In the past few years, India has become a predominant player in the microfinance sector in the sub-continent. While the sector has recorded phenomenal growth in recent years, incidences of over-indebtedness (OID) are being reported in various parts of the country as well. The study aimed to provide a comprehensive understanding of the problem of over-indebtedness and its extent in the selected areas of Allahabad (Uttar Pradesh), Indore (Madhya Pradesh) and Mysore (Karnataka).
The level of indebtedness was estimated through a Net Indebtedness Index. The indebtedness level of borrowers was classified as follows:
1. Not over-indebted (index of indebtedness <0.40): household borrowers who spend less than 40% of monthly net incomes, or profit after taxes in case of enterprises, on the payment of monthly credit installments.

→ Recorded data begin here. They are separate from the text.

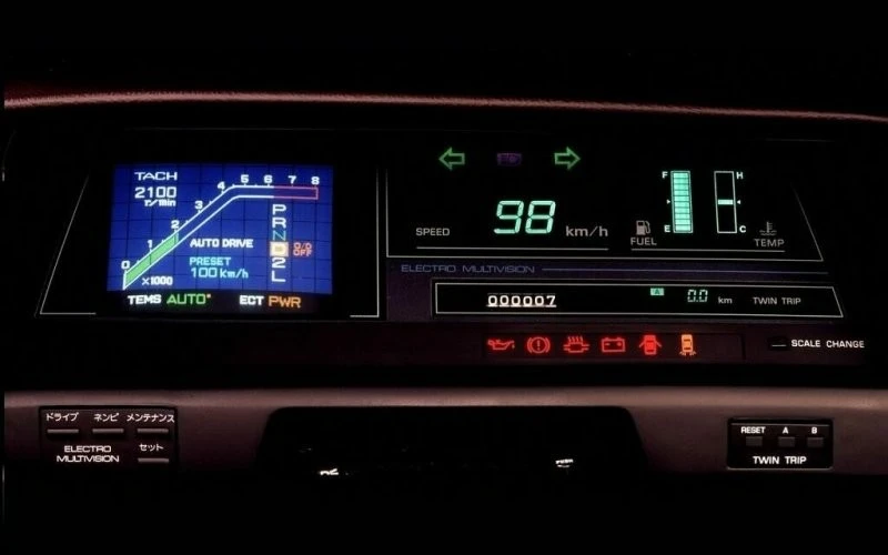 80-е это бум цифровых приборных панелей. Каждый из автопроизводителей старался придумать что-то оригинальное, но дальше всех пошли в Субару в модели XT, установив приборную панель с эффектом 3d.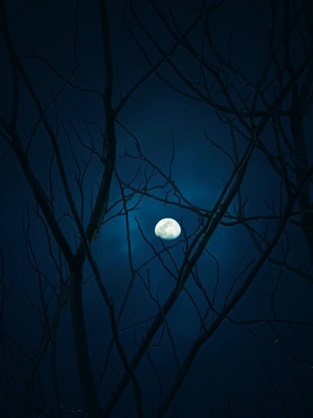 在这片深蓝的夜空下,一轮明月高悬,透过光秃秃的树枝,洒下银白的光辉。它静静地照耀着大地,仿佛在诉说着古老的故事。每一根枝桠都像是精心绘制的轮廓,勾勒出一幅静谧而深邃的夜景图。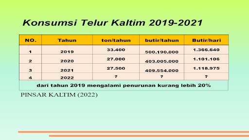 Populasinya ayam ras petelur yang dipelihara di Kalimantan sekitar 1,8 – 2 juta ekor untuk semua umur. Ayam yang berada pada masa produktif bertelur (laying) sekitar 55 persen atau berkisar antara 990.000 – 1.100.000 ekor. Dengan produktivitas per ekor 80 persen, maka sekawanan ayam-ayam tersebut menghasilkan telur 792.000 – 880.000 butir per hari. Jadi kekurangan pasokan sekitar 310.000 – 398.000 butir per hari. Selama ini, defisit telur Kalimantan Timur dipasok dari luar daerah, diantaranya dari Kalimantan Selatan, Jawa dan Sulawesi.  Apabila warga IKN menambah 1,6 juta populasi penduduk, maka kekurangan pasokan telur di Kalimantan Timur akan lebih banyak lagi. Maka solusinya adalah bagimana mendorong peningkatan produksi telur di Kalimantan Timur. *Praktisi Agrobisnis Perunggasan dari Singkawang, Kalimantan Barat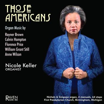 Raven announces a new organ recording. Those Americans (OAR-182, $15.98) features Nicole Keller performing on the four-manual, 64-rank, 2009 Nichols & Simpson organ at First Presbyterian Church, Birmingham, Michigan.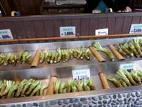 団体バスがやってくる観光スポットですが、中身はよかった。わさび菜のおやきもおいしい。わさびビール、わさびソフト、冷たそう。夏には売れるでしょう。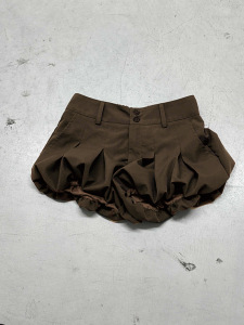 2025夏季时尚辣妹街头风花苞裙纯色低腰半身裙褶皱包臀泡泡短裙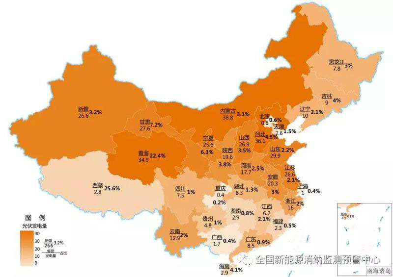 一季度各地區(qū)光伏發(fā)電量及占本地區(qū)總發(fā)電量比重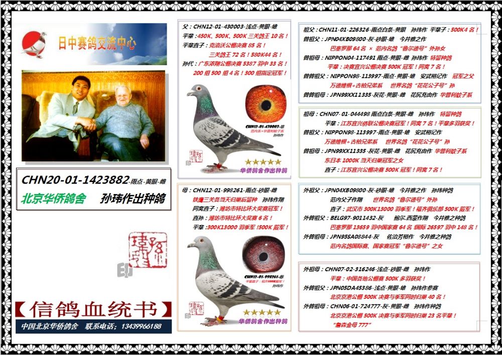 | 1652216 | 13号--“金翼奖”冠军白鼻号曾孙-0836946雄 | ¥1200元 | 0次 |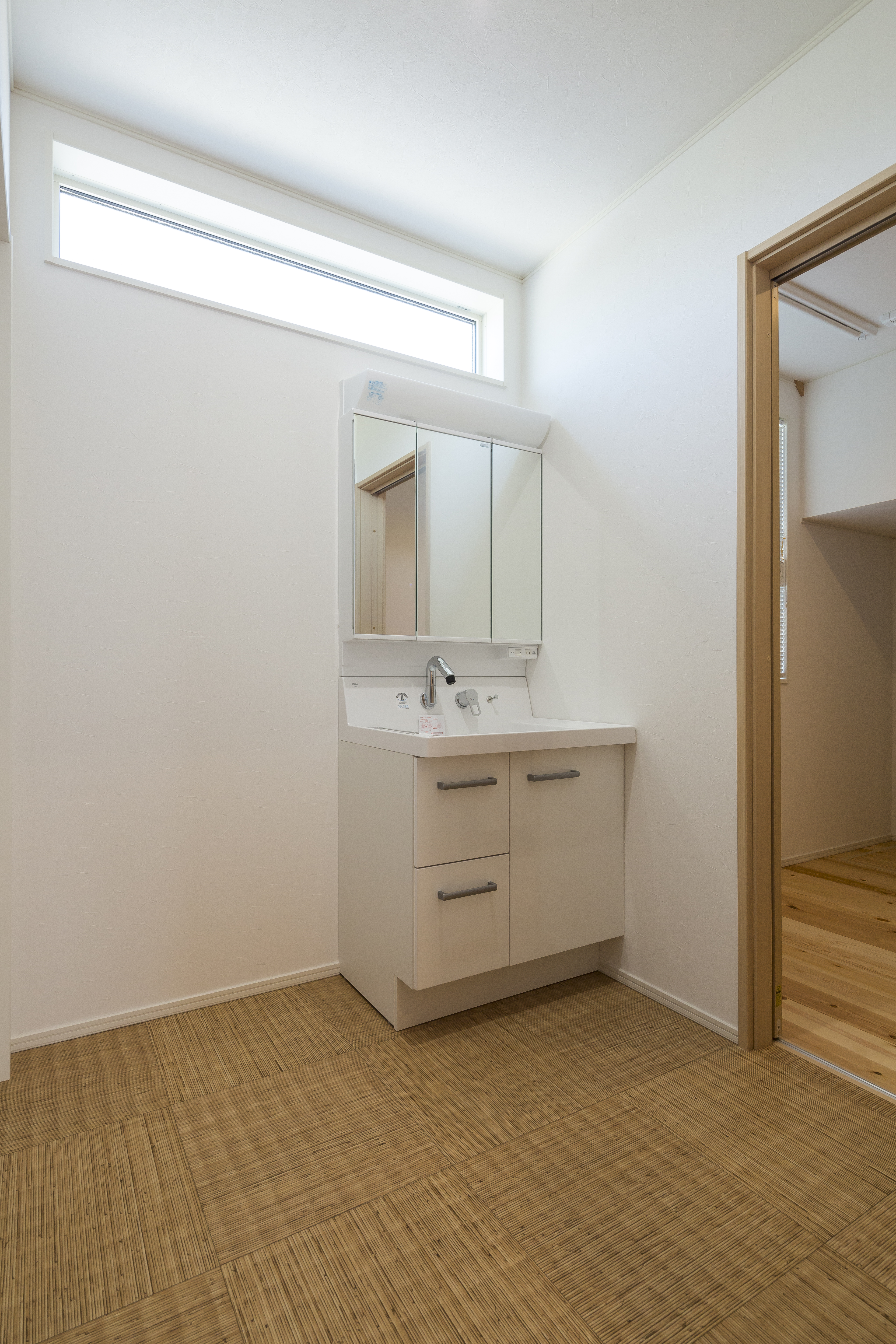 無垢材をふんだんに使った新築工事/施工事例/完成/洗面脱衣室/高窓/採光

2. At risk (index of indebtedness = 0.40 – 0.75): household borrowers who spend 50% to 75% of monthly net incomes or profit in the payment of monthly credit installments.
3. At critical phase (index of indebtedness = 0.75 – 1.0): household borrowers who spend 75% to 100% of net monthly income or profit in the payment of monthly credit installments.
4. Insolvent (index of indebtedness > 1.0): household borrowers who spend all monthly net incomes or profit in the payment of monthly credit installments; monthly installments exceed the value of their net incomes.
The varied scales of analysis used in the three districts identified which have the largest proportion of “borrowers servicing more than three MFI loans”, provided an opportunity for thorough assessment of where the problem of OID lies. Multiple borrowings, high debt-service burden, discrepancy between stated purpose and actual usage of loans, inflexibility in repayment schedules as perceived by the respondents, and pipeline loaning were some of the major factors linked to their indebtedness levels. The fundamental problem lay in the debt-income ratio of over-indebted households, which resulted in high levels of repayment anxiety and often pushed borrowers to resort to cross-borrowing. This trend was found to be more prevalent among low and unstable income groups, particularly households that relied on agricultural and wage-based occupations.
The findings of the study have important implications for credit policies and programmes that increasingly focus on access and saturation. There is a need for more focused, customized approach to credit access, basis on the needs of the individual borrower.